▶ WORK REQUIRED:
For the records below, copy exactly the span that begins at the line containing "The authorization, detailed" and stops after the line containing "Zakończyła się zbiórka", minus any pictures.

▶ THE DATA:
----------

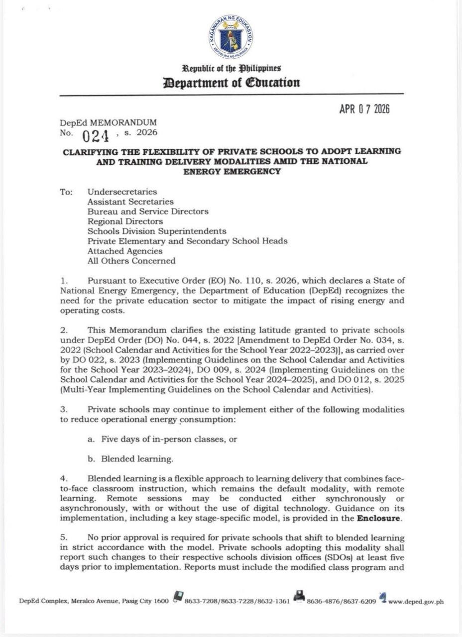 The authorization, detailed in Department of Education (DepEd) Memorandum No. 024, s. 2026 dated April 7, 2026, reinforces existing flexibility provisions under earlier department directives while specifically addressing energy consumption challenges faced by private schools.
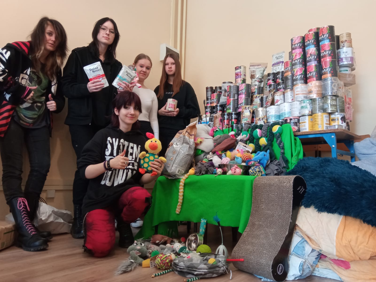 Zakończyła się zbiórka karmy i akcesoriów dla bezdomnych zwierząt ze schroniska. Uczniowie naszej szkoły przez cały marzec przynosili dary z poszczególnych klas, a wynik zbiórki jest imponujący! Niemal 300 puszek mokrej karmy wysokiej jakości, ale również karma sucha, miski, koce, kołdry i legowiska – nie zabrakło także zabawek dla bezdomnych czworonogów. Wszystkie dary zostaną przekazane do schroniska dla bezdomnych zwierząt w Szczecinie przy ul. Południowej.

----------

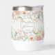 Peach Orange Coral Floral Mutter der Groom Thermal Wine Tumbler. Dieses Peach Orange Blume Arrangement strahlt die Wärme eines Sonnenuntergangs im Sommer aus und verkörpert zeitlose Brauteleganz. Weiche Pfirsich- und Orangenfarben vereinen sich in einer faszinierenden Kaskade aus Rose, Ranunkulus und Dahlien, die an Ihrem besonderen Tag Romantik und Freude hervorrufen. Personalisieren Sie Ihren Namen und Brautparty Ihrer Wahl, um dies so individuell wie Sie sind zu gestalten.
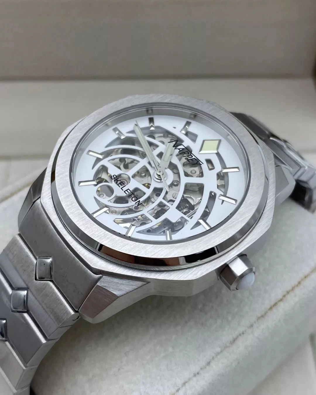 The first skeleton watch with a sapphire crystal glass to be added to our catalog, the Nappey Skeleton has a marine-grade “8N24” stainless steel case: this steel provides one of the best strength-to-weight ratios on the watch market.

----------

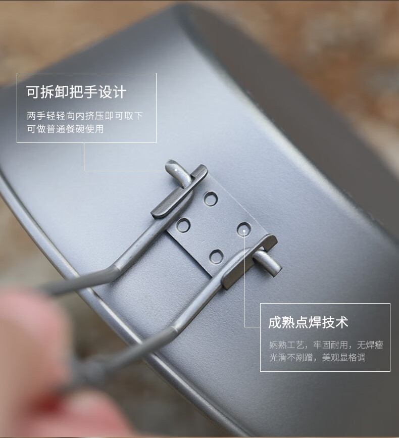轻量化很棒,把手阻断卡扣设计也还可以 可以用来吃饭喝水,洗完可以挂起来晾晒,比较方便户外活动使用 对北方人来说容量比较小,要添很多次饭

----------

▶ EXERCISE RESPONSE:
 The authorization, detailed in Department of Education (DepEd) Memorandum No. 024, s. 2026 dated April 7, 2026, reinforces existing flexibility provisions under earlier department directives while specifically addressing energy consumption challenges faced by private schools.
 Zakończyła się zbiórka karmy i akcesoriów dla bezdomnych zwierząt ze schroniska. Uczniowie naszej szkoły przez cały marzec przynosili dary z poszczególnych klas, a wynik zbiórki jest imponujący! Niemal 300 puszek mokrej karmy wysokiej jakości, ale również karma sucha, miski, koce, kołdry i legowiska – nie zabrakło także zabawek dla bezdomnych czworonogów. Wszystkie dary zostaną przekazane do schroniska dla bezdomnych zwierząt w Szczecinie przy ul. Południowej.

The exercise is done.